--- Material for this exercise Enclosed Below ---

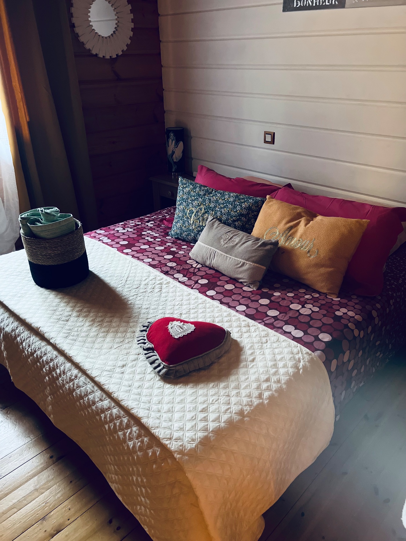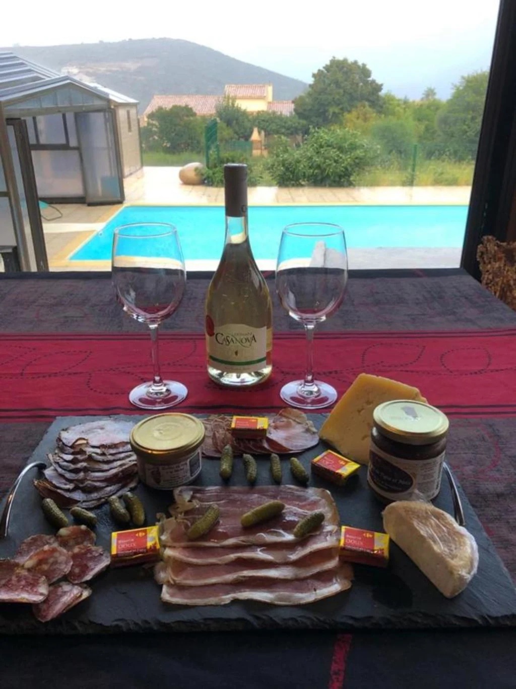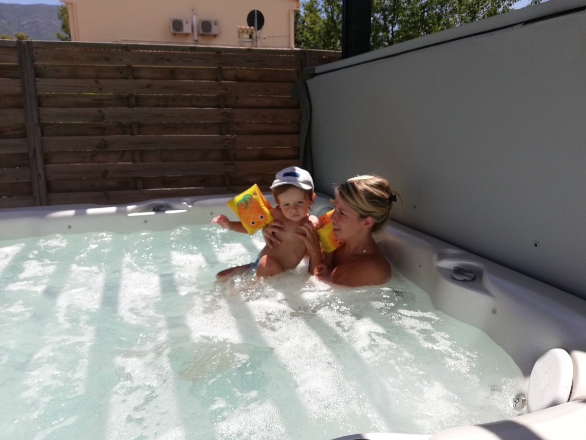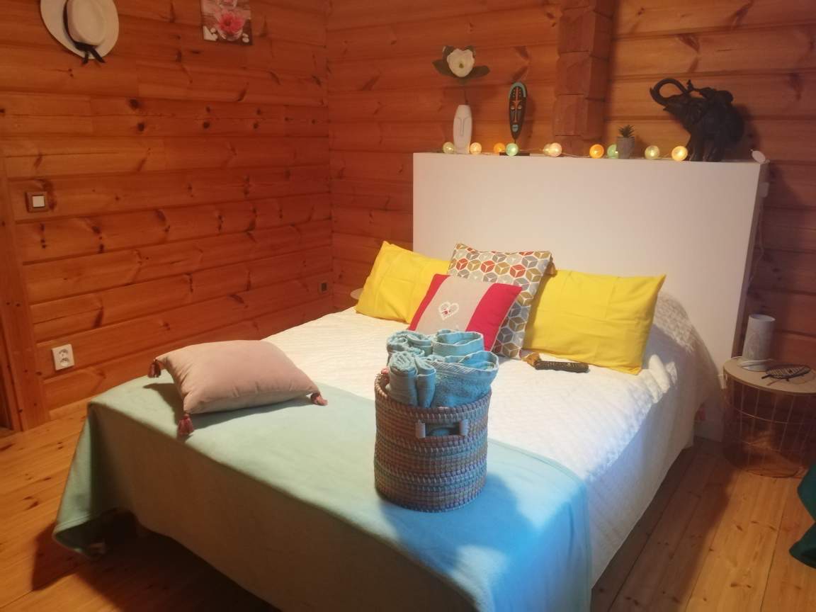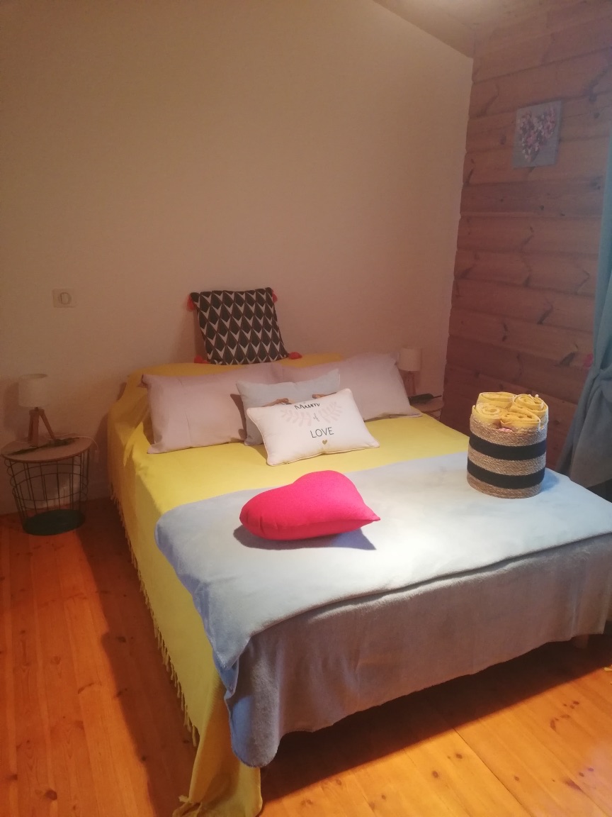 Cette chambre avec vue piscine, comprend un lit en 140, un clic clac de 140cm, une télévision écran plat , adaptateur portable le wifi, 4 serviettes de bain , 2 petites serviettes et 2 peignoirs.
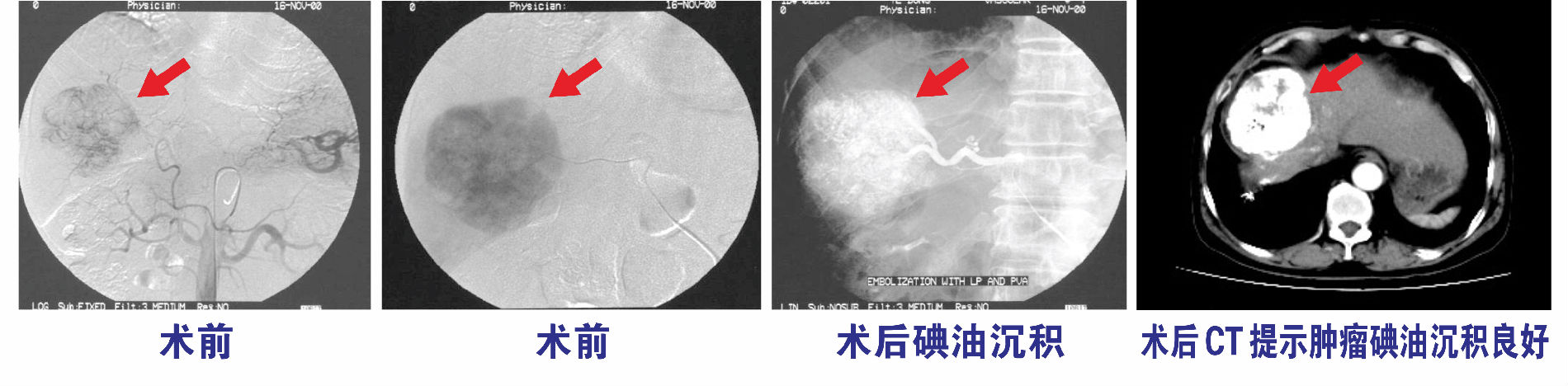 1. 原发性肝癌动脉化疗/栓塞术(TACE术),(红色箭头所指为肿瘤部位)
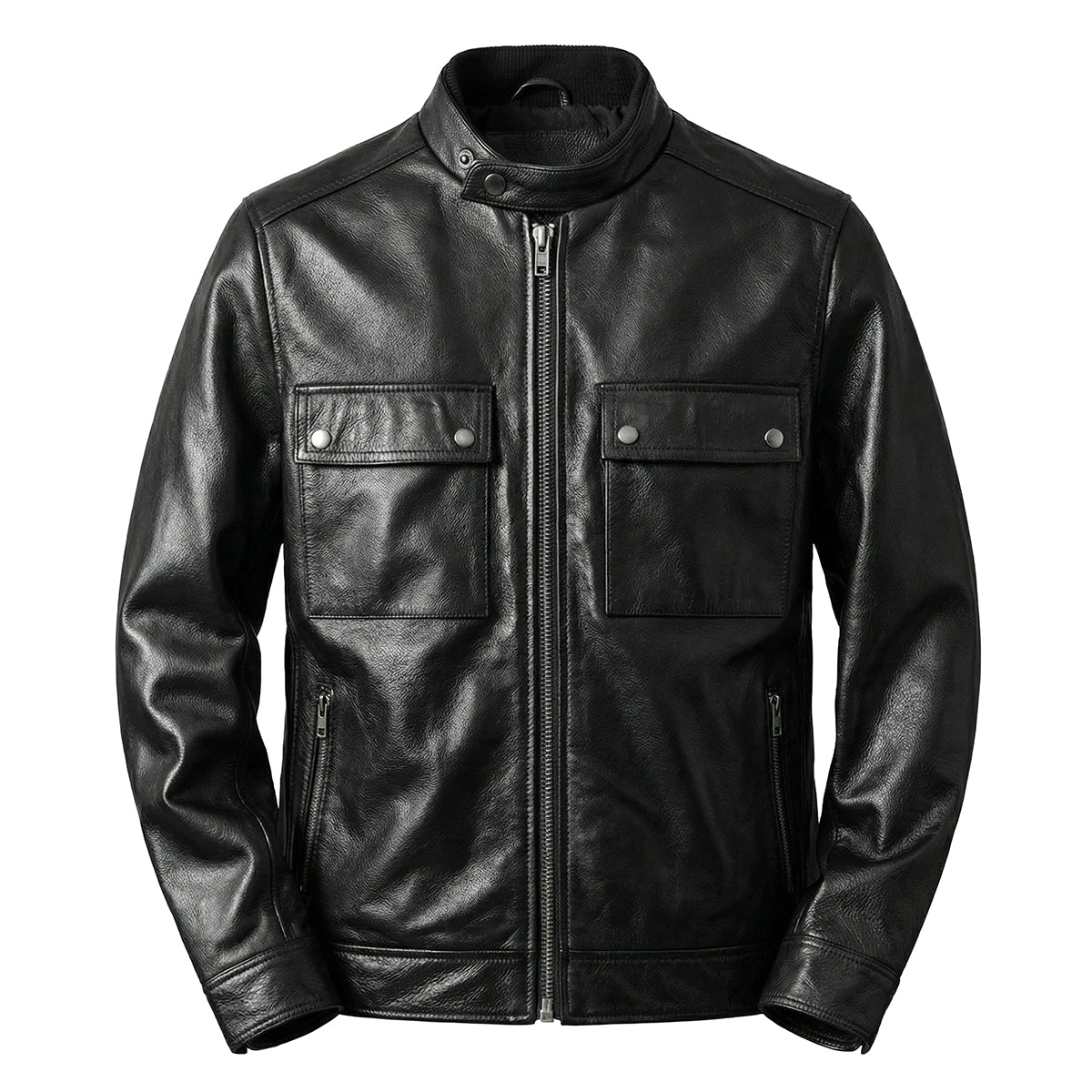 Veste en cuir de moto noire décontractée
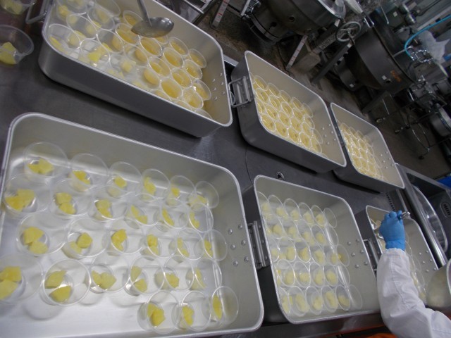 パインゼリーは給食室の手作りでパイン缶をカップに入れ、パインジュースで作ったゼリー液を流し入れて作りました。「おいしい」と好評でした。
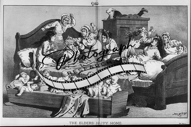 Anti-Mormon Polygamy Cartoon,The Elders Happy Home,crib full of babies
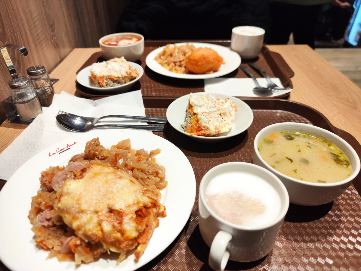 Не стала я смешивать в одну статью духовное и земное 😊 Но как бы там ни было, кушать хочется регулярно и даже несколько раз в день. В центре Питера, где мы живем, очень много разных кафе и ресторанов. На любой вкус и кошелек. Кстати, все они заполнены людьми. Может потому что вчера был выходной да еще и предпраздничый день. А может тут всегда так. Спасибо за ваши советы. Они нам помогли. Обедали мы в Столовой номер 1. Вначале вообще хотели пойти или в Бургер кинг, или в Ростикс. Но захотелось обычной домашней пищи. Было два часа дня и народа в Столовой было очень много. Я даже опасалась, что не найдем свободный столик. Но зря опасалась. Взяли мы с мужем по супу: я - рассольник, муж - борщ. На второе оба захотели тушенную капусту, только я с треской, а муж с киевской котлетой. А да, еще взяли по салату. На вид он похож на Мимозу, но оказался с печенью. Ну и по чашке кофе. Вполне съедобно. Вот только почему-то все не горячее. Вроде так много посетителей. Сметают все быстро. Когда
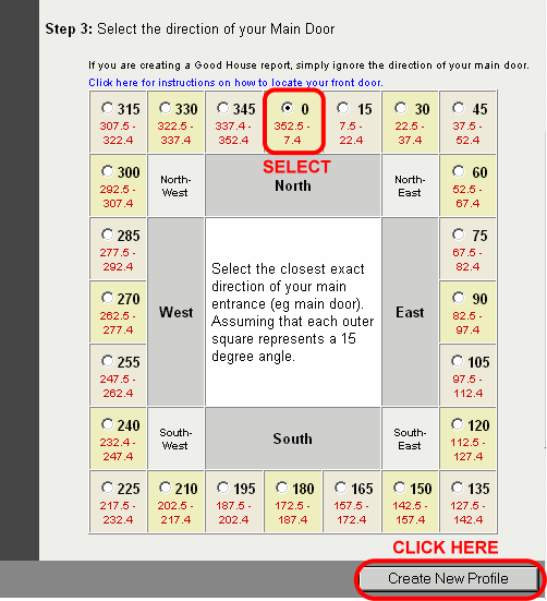 - Step 3: Select the main door direction (click here to learn more on now to determine your main door direcion)
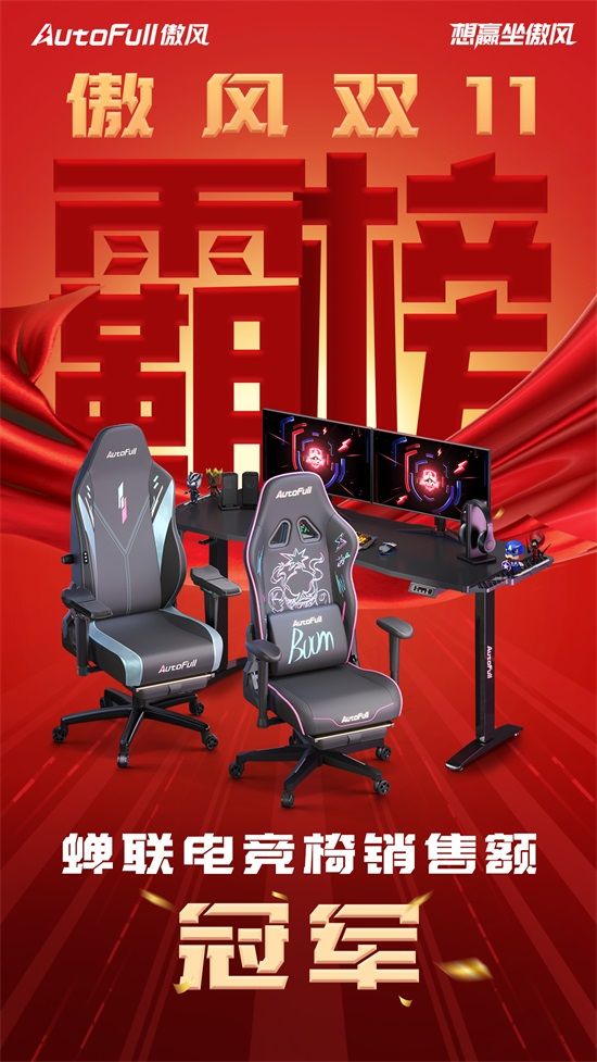 双十一嗨购收官,AutoFull傲风,再度登顶电竞椅销售额榜首,并且销量遥遥领先于其他专业电竞椅品牌。
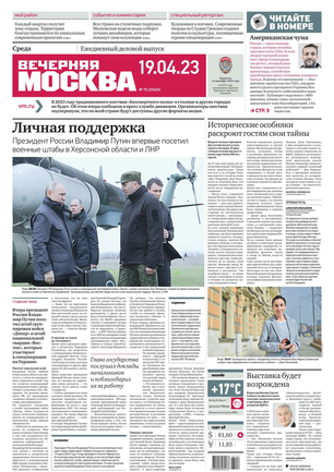 «Вечерняя Москва» — ежедневная российская вечерняя газета, старейшее из вечерних изданий в России, учрежденное в 1923 году. Выходит пять дней в неделю, кроме субботы и воскресенья. Отличается тем, что рассказывает о событиях еще не завершившегося дня. Оперативно освещает хронику и особенности жизни Москвы, охватывает все слои общества и большинство профессиональных и возрастных групп читателей.Издание представлено тремя выпусками – утренним ежедневным, вечерним (выходит три раза в неделю), еженедельным (выходит по четвергам).
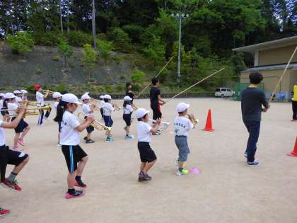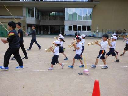 わくわくバンドで運動会の入場行進の練習をしました。演奏せずに歩き,場所を確認した後,実際に曲を演奏しながら歩いてみました。3色の3人でそろえて歩くのが難しいですが,1年生もしっかり歩けました。
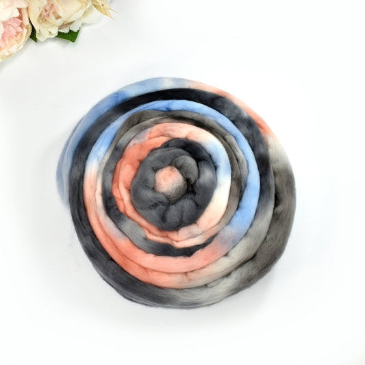 Tasmanian Merino Wool Combed Top Hand Dyed Storm Clouds
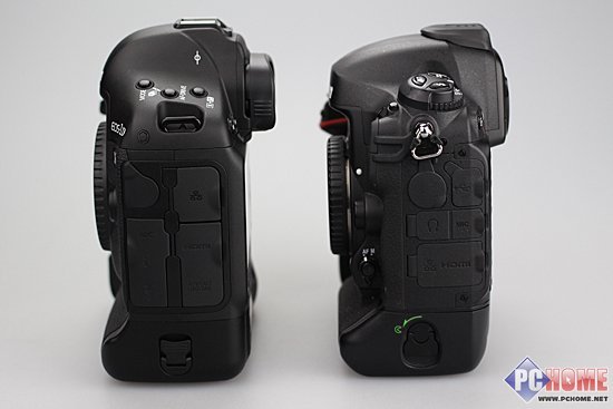从两台相机的机身左侧看,佳能1DX相比尼康D4要显得纤细一些,如今科技信息化时代,两家也紧追时代步伐,都是走着多媒体单反路线,所以机身左侧的小口袋也越来越多了两家都加入了网线和无线接收器插槽及麦克风装置,这些在竞技体育赛事中这些都是起决定性作用的,真是一样都不能少。
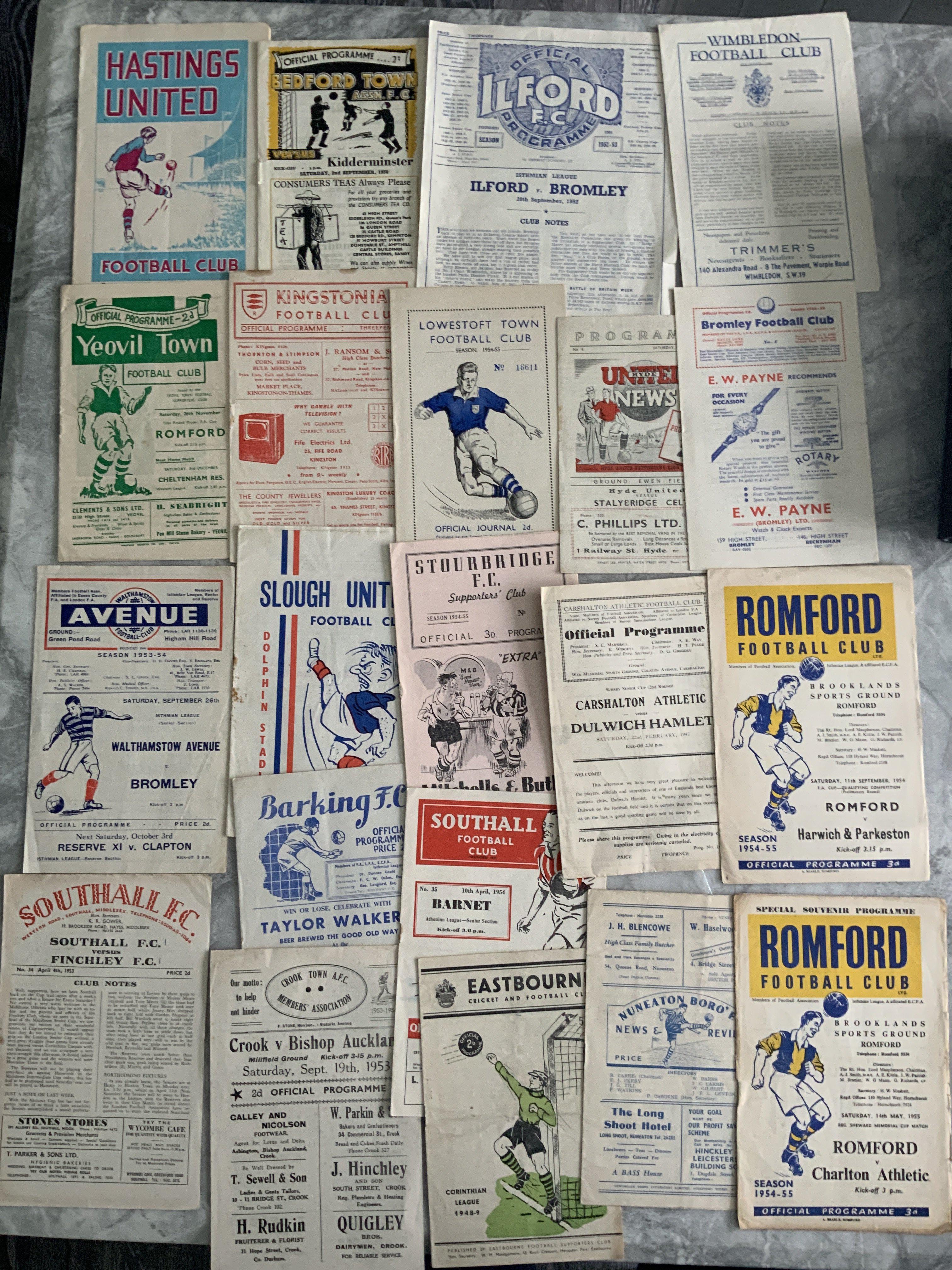 Old Non League Football Programmes: Worth a look with some nice programmes. Includes 46/47 Slough v Bedford, Carshalton v Dulwich, 47/48 Hyde Utd v Staley ridge Celtic, 48/49 Eastbourne v Hounslow, 49/50 Yeovil v Romford FA Cup, 50/51 Bedford v Kidderminster, Hastings v Bedford, 51/52 Kingstonian v Sutton, 52/53 Barking v Corinthians, 53/54 Crook v Bishop Auckland 54/55 Stourbridge v Brierley Hill, Lowestoft v Gorleston and more with the most recent being 54/55. Very good. (21)

--- End of Enclosed Material for this exercise ---

Nothing but the lines from the one containing "Tasmanian Merino Wool" through the end of the entries is to be retyped, exactly as written and without pictures.

 Tasmanian Merino Wool Combed Top Hand Dyed Storm Clouds
从两台相机的机身左侧看,佳能1DX相比尼康D4要显得纤细一些,如今科技信息化时代,两家也紧追时代步伐,都是走着多媒体单反路线,所以机身左侧的小口袋也越来越多了两家都加入了网线和无线接收器插槽及麦克风装置,这些在竞技体育赛事中这些都是起决定性作用的,真是一样都不能少。
 Old Non League Football Programmes: Worth a look with some nice programmes. Includes 46/47 Slough v Bedford, Carshalton v Dulwich, 47/48 Hyde Utd v Staley ridge Celtic, 48/49 Eastbourne v Hounslow, 49/50 Yeovil v Romford FA Cup, 50/51 Bedford v Kidderminster, Hastings v Bedford, 51/52 Kingstonian v Sutton, 52/53 Barking v Corinthians, 53/54 Crook v Bishop Auckland 54/55 Stourbridge v Brierley Hill, Lowestoft v Gorleston and more with the most recent being 54/55. Very good. (21)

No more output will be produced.